Agriphila straminella Denis Schiffermiiller

This widely distributed and generally common grass moth sometimes causes damage to grass and cereal ciops, including both spring- and autumn-sown barley and wheat. The larvae bite into the base of the stems and, in spring, often cause death of the central shoots. Damage is also caused to leaves. Holes formed in plant stems, unlike those caused by leatherjackets (p. 163) and wireworms (p. 132), are smooth-sided and not ragged. Attacks occur most frequently on cereal crops following leys or permanent grass.

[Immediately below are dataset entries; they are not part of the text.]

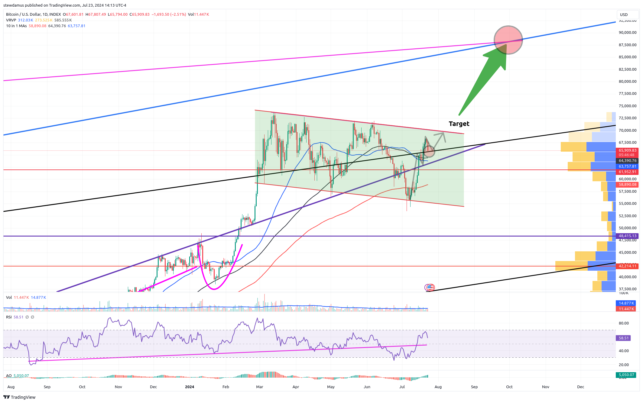 Bitcoin is back on our trusty multi-year support from 2019. I expect a bounce off of this either tomorrow or Thursday. This will likely propel us upward to test the underside of our channel. Once we break that to the upside, our target will approach quickly.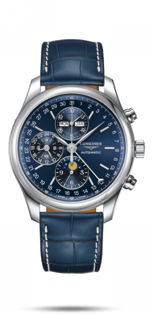 Longines Master Collection . Die Uhr hat folgende Funktionen: Datum, Mondphasen, Stoppuhr und Datum . Die Grundparameter der Uhr sind: bewegungsart ist mechanischer Chronograph mit automatischem Aufzug, armbandmaterial ist Leder, wasserabweisend ist 30 m und ziffernblattfarbe ist blau.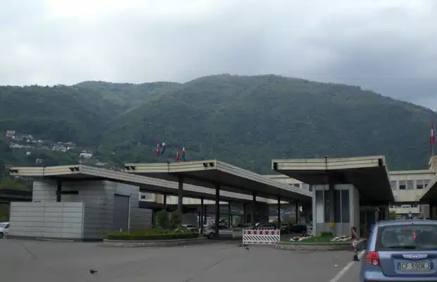 On ressort de Suisse par la frontière italienne, a la hauteur du lac de Come, et de Milan. Le plus surprenant, c´est qu´au début, on pensait vraiment etre en Italie, car on savait que la Suisse a une partie italophone, mais on ne pensait pas qu´elle serait si étendue. Donc au bout d´une demi heure de route, on a été plutôt surpris de voir enfin la frontière pour sortir de Suisse. Notre route de la journée était presque terminée, et heureusement car c´était l´heure de la sortie des bureaux, donc les frontaliers, qui travaillent en Suisse et habitent le nord de l´Italie rentraient chez eux, et même si au poste frontière on ne vérifie ni les passeports ni les documents de la voiture, il faut ralentir, au cas oú on ait a passer un contrôle de douane.
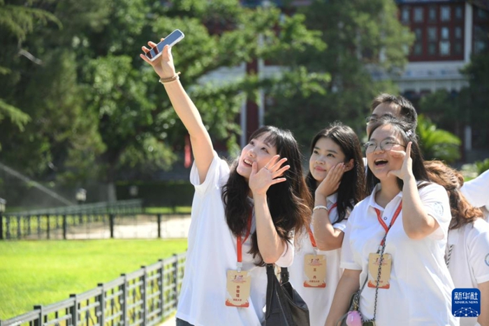 8月28日,参加第三十届海峡两岸大学生新闻营的学生们在北京大学拍照留念。
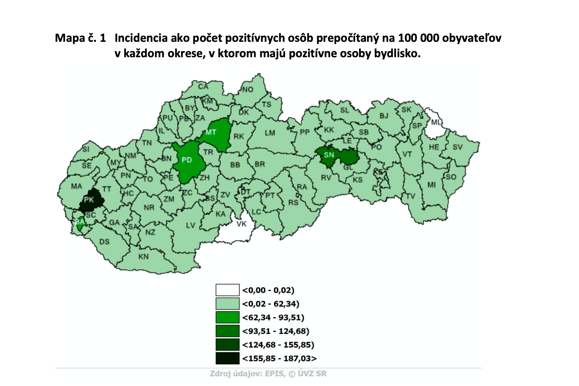 Dlhodobo najviac pozitívnych prípadov sa vyskytovalo v Bratislavskom kraji. Za ním nasleduje Trenčiansky a Košický kraj, pričom najmenej chorých sa vyskytovalo v Banskobystrickom kraji. Existujú ale 2 okresy v ktorých sa nový koronavírus neobjavil. Žiaden repatriant ani človek s trvalým bydliskom v okrese Medzilaborce a Veľký Krtíš nebol pozitívny. Najvyššiu mieru šírenia koronavírusu zaznamenali v okresoch Martin a Snina.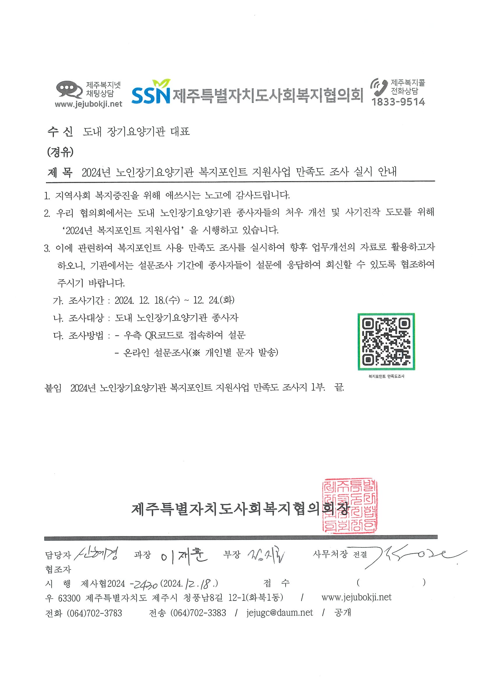 2024년 노인장기요양기관 복지포인트 지원사업 만족도 조사 실시 안내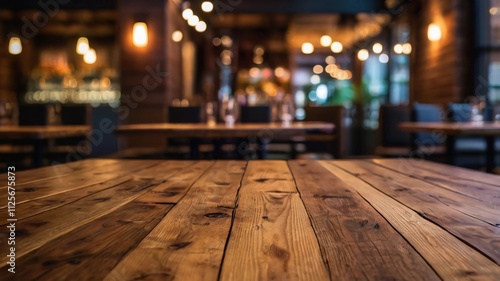 Empty wooden table in restaurant abstract bokeh background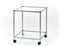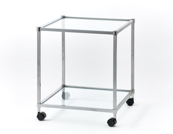 Carrello/comodino a due ripiani. Bregnano, anni '80. Struttura in metallo cromato e piani in cristallo. (cm 57x65x57) (difetti)

Moths appear from June to August and are often abundant in grassy situations. In common with other related species, they fly mainly at dusk and at night, but they are readily disturbed during the daytime when they fly short distances before resettling, head downwards, on grass stems or other plant material. Eggs are laid during the summer and hatch in the autumn. The larvae feed from September onwards, each inhabiting a flimsy, silk-lined tunnel formed amongst the basal parts of host plants, and in which green particles of frass accumulate. They hibernate in these tunnels during the winter and recommence feeding in the spring. Larvae sometimes occur within the stems of host plants, typically head downwards. Pupation occurs within oval, frass-covered, silken cocoons formed just below the soil surface.


Adult 18-20 mm wingspan; labial palps prominent; forewings mainly white to brownish-white; hindwings grey. Larva up to 13 mm long; body pale purplish-brown; pinacula brown; head and prothoracic plate brown with darker markings.